The GetBloodType method determines the blood type based on the passed "ind" index — the current position in the population. Thus, the method matches indices with blood types using a simple arithmetic operation with a remainder. This allows for cyclic distribution of blood types among the available indices (0-3).

//——————————————————————————————————————————————————————————————————————————————
int C_AO_BIO::GetBloodType (int ind)
{
  if (ind % 4 == 0) return 1;
  if (ind % 4 == 1) return 2;
  if (ind % 4 == 2) return 3;
  if (ind % 4 == 3) return 4;

  return 1;
}
//——————————————————————————————————————————————————————————————————————————————

The GetBloodMutation method is designed to modify (mutate) the value of a genetic parameter (gene) depending on its blood type and index.

Parameters:

• gene — reference to the gene value that will be changed
• indGene — gene index used to obtain mutation ranges
• bloodType — blood type, which determines the mutation logic

Blood type 2 — PowerDistribution is applied to the gene value, which changes the gene based on a given range, probabilistically distributing values around it.

Blood type 3 — the gene increases by the fraction of the difference between the best current value of the gene in the cB [indGene] population and the current value of the gene. The bias fraction is determined by a random number [0.0; 1.0].

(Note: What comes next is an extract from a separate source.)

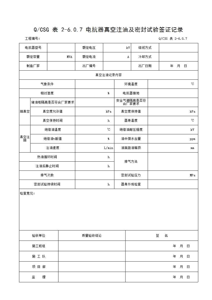 表格名称:QCSG 表 2-6.0.7 电抗器真空注油及密封试验签证记录
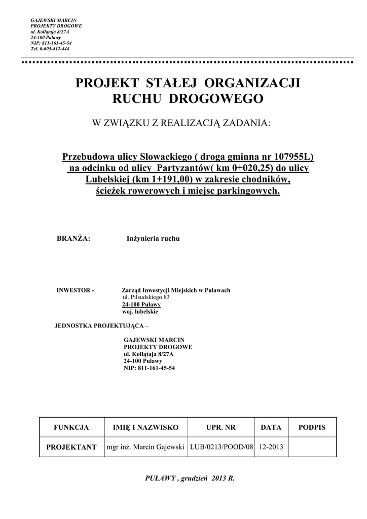 GAJEWSKI MARCIN PROJEKTY DROGOWE ul. Kołłątaja 8/27A 24-100 Puławy NIP: 811-161-45-54 Tel. 0-605-412-444 PROJEKT STAŁEJ ORGANIZACJI RUCHU DROGOWEGO W ZWIĄZKU Z REALIZACJĄ ZADANIA: Przebudowa ulicy Słowackiego ( droga gminna nr 107955L) na odcinku od ulicy Partyzantów( km 0+020,25) do ulicy Lubelskiej (km 1+191,00) w zakresie chodników, ścieżek rowerowych i miejsc parkingowych. BRANŻA: INWESTOR - Inżynieria ruchu Zarząd Inwestycji Miejskich w Puławach ul. Piłsudskiego 83 24-100 Puławy woj. lubelskie JEDNOSTKA PROJEKTUJĄCA – GAJEWSKI MARCIN PROJEKTY DROGOWE ul. Kołłątaja 8/27A 24-100 Puławy NIP: 811-161-45-54 FUNKCJA PROJEKTANT IMIĘ I NAZWISKO UPR. NR DATA mgr inż. Marcin Gajewski LUB/0213/POOD/08 12-2013 PUŁAWY , grudzień 2013 R. PODPIS Zawartość opracowania: 1. Część opisowa Opis techniczny I. Zakres opracowania II. Podstawa opracowania III. Opis sytuacji istniejącej IV. Charakterystyka drogi i ruchu na drodze V. Projektowana organizacja ruchu VI. Technologia wykonywania znaków 2. Część rysunkowa Rys. Nr 1 – Plan orientacyjny w skali 1 : 20 000 Rys. Nr 2 – Plan sytuacyjny (3 arkusze) w skali 1 : 500 1 OPIS TECHNICZNY I. ZAKRES OPRACOWANIA Przedmiotem opracowania jest projekt stałej organizacji ruchu obejmujący lokalizację oznakowania pionowego, poziomego w związku z planowaną realizacją zadania: „Przebudowa ulicy Słowackiego ( droga gminna nr 107955L) na odcinku od ulicy Partyzantów ( km 0+020,25) do ulicy Lubelskiej (km 1+191,00) w zakresie chodników, ścieżek rowerowych i miejsc parkingowych.” II. PODSTAWA OPRACOWANIA 1. Zlecenie Inwestora; 2. Ustawa o drogach publicznych z dnia 21 marca 1985 roku (tekst jednolity Dz. U. z 2013 r., poz. 260 z dnia 30.01.2013 r.); 3. Ustawa z dnia 20 czerwca 1997 r. Prawo o ruchu drogowym (tekst jednolity Dz. U. z 2012 r., poz.1137 z dnia 30 sierpnia 2012 r.); 4. Rozporządzenie Ministra Infrastruktury w sprawie szczegółowych warunków zarządzania ruchem na drogach oraz wykonywania nadzoru nad tym zarządzaniem z dnia 23 września 2003 r. (Dz. U. Nr 177 z 2003 r., poz. 1729); 5. Rozporządzenie Ministrów Infrastruktury z dnia 3 lipca 2003 r. w sprawie warunków technicznych dla znaków i sygnałów drogowych oraz urządzeń bezpieczeństwa ruchu drogowego i warunków ich umieszczania na drogach (Dz. U. nr 220 z dn. 23.12.2003, poz. 2181 z późn. zmianami); 6. Szczegółowe warunki techniczne dla znaków i sygnałów drogowych oraz urządzeń bezpieczeństwa ruchu drogowego i warunki ich umieszczania na drogach – Załącznik do Rozporządzenia Ministra Infrastruktury z dnia 3 lipca 2003 r. (Dz.U. Nr 220 z dn. 23.12.2003 r., poz. 2181) – w szczególności Załącznik nr 1 Szczegółowe warunki techniczne dla znaków drogowych pionowych i warunki ich umieszczania na drogach oraz Załącznik nr 2 Szczegółowe warunki techniczne dla znaków drogowych poziomych i warunki ich umieszczania na drogach; 7. Inwentaryzacja istniejącego oznakowania przeprowadzona w trakcie wizji lokalnej. III. OPIS SYTUACJI ISTNIEJĄCEJ Teren przeznaczony pod przebudowę stanowi działka 3242/1- tj. działka stanowiąca pas drogowy drogi gminnej – ulicy Słowackiego. Jezdnia na odcinku objętym opracowaniem posiada przekrój uliczny, z jezdnią asfaltową o szerokości 9,0m. Jezdnia ta ograniczona jest obustronnie krawężnikiem betonowym 20x30cm. Za krawężnikiem betonowym znajdują się pasy zieleni o szerokości zmiennej. Za pasami zieleni znajdują się chodniki z płyt betonowych 35x35cm i 50x50cm o szerokości 2,0-4,0m, które obramowane są obrzeżem betonowym chodnikowym. W latach ubiegłych wykonano odnowę nawierzchni asfaltowej ulicy Słowackiego, ustawiono nowe krawężniki betonowe 20x30cm oraz wykonano nowe nawierzchnie zjazdów z kostki brukowej. Do tej pory nie wyremontowano 2 nawierzchni chodników i ścieżek rowerowych, które są złym stanie technicznym, posiadają liczne nierówności, ubytki, co stwarza zagrożenie dla jej użytkowników. Ulica Słowackiego na rozpatrywanym odcinku posiada skrzyżowania z drogami gminnymi: IV. ulicą Żeromskiego; ulicą Kochanowskiego; ulicą Sieroszewskiego; ulicą Reymonta; ulicą Chmielowskiego ulicą Kaniowczyków ulicą Składową CHARAKTERYSTKA DROGI I RUCHU NA DRODZE. Przedmiotowa inwestycja położona jest na działce nr 3242/1, która stanowi pas drogowy ulicy Słowackiego, na odcinku od km 0+020,25 ( granica pasa drogowego ulicy Partyzantów) do km 1+191,00 tj. początek istniejącej ścieżki rowerowej prowadzącej do ulicy Lubelskiej. Zakres inwestycji obejmuje: Przebudowę ścieżki rowerowej jednokierunkowej o szerokości 1,5-2,0m po prawej stronie jezdni oraz szerokości 1,5m po lewej stronie jezdni ul. Słowackiego; Przebudowę chodnika prawostronnego o szerokości 1,5-2,0m oraz lewostronnego o szerokości 1,0-1,5m wzdłuż ulicy Słowackiego; Przebudowę nawierzchni 19 miejsc parkingowych po prawej stronie jezdni ulicy Słowackiego na odcinku od km 0+135,50 do km 0+216,00; Przebudowę nawierzchni zjazdów w km 0+282,41 strona prawa oraz w km 0+577,82 strona lewa; Przebudowę nawierzchni w obrębie 3 szt. wiat przystankowych; Wykonanie opaski bezp. z kostki brukowej wzdłuż istniejącego krawężnika betonowego 20x30cm przy jezdni. Charakterystyka ruchu na drodze. Droga gminna- ulica Słowackiego łączy ze sobą dwie drogi krajowe- ulicę Lubelską z ulicą Partyzantów oraz zapewnia dojazd do położonych wzdłuż ulicy Słowackiego dróg gminnych: ulicy Żeromskiego; ulicy Kochanowskiego; ulicy Sieroszewskiego; ulicy Reymonta; ulicy Chmielowskiego ulicy Kaniowczyków ulicy Składowej. Po drodze tej odbywa się ruch wszelkich rodzajów pojazdów o rzeczywistej masie całkowitej poniżej 12T oraz ruch pieszych i rowerzystów po istniejących chodnikach i jezdni. Natężenie ruchu pojazdów należy określić jako średnie, z przeważającym ruchem pojazdów osobowych. Natężenie to wzrasta do dużego, w godzinach dojazdu mieszkańców i

Other blood types (default) — the gene is changed in such a way that its new value becomes symmetrical to the given range (inverse), being between rangeMin [indGene] and rangeMax [indGene].

//——————————————————————————————————————————————————————————————————————————————
void  C_AO_BIO::GetBloodMutation (double &gene, int indGene, int bloodType)
{
  switch (bloodType)
  {
    case 2:
      gene = u.PowerDistribution (gene, rangeMin [indGene], rangeMax [indGene], 20);
      return;
    case 3:
      gene += (cB [indGene] - gene) * u.RNDprobab ();
      return;
    default:
    {
      gene = rangeMax [indGene] - (gene - rangeMin [indGene]);
    }
  }
}
//——————————————————————————————————————————————————————————————————————————————

The Revision method is responsible for updating and sorting the population in the BIO algorithm. In the first for loop (from 0 to popSize), the method iterates over all members of the a[i] population. If the fitness function value of "f" of the current a[i].f population member exceeds the current best value of fB, then fB is updated with the new value, and the coordinates "c" of the current population member are copied to the cB array. In the second "for" loop, the current members of the a[i] population are copied to the end of the "p" array, starting at the popSize index. The pT array is created next. It is twice the size of the current population "popSize * 2". The u.Sorting sorting method is called to sort the merged array of "p" while storing the results in pT.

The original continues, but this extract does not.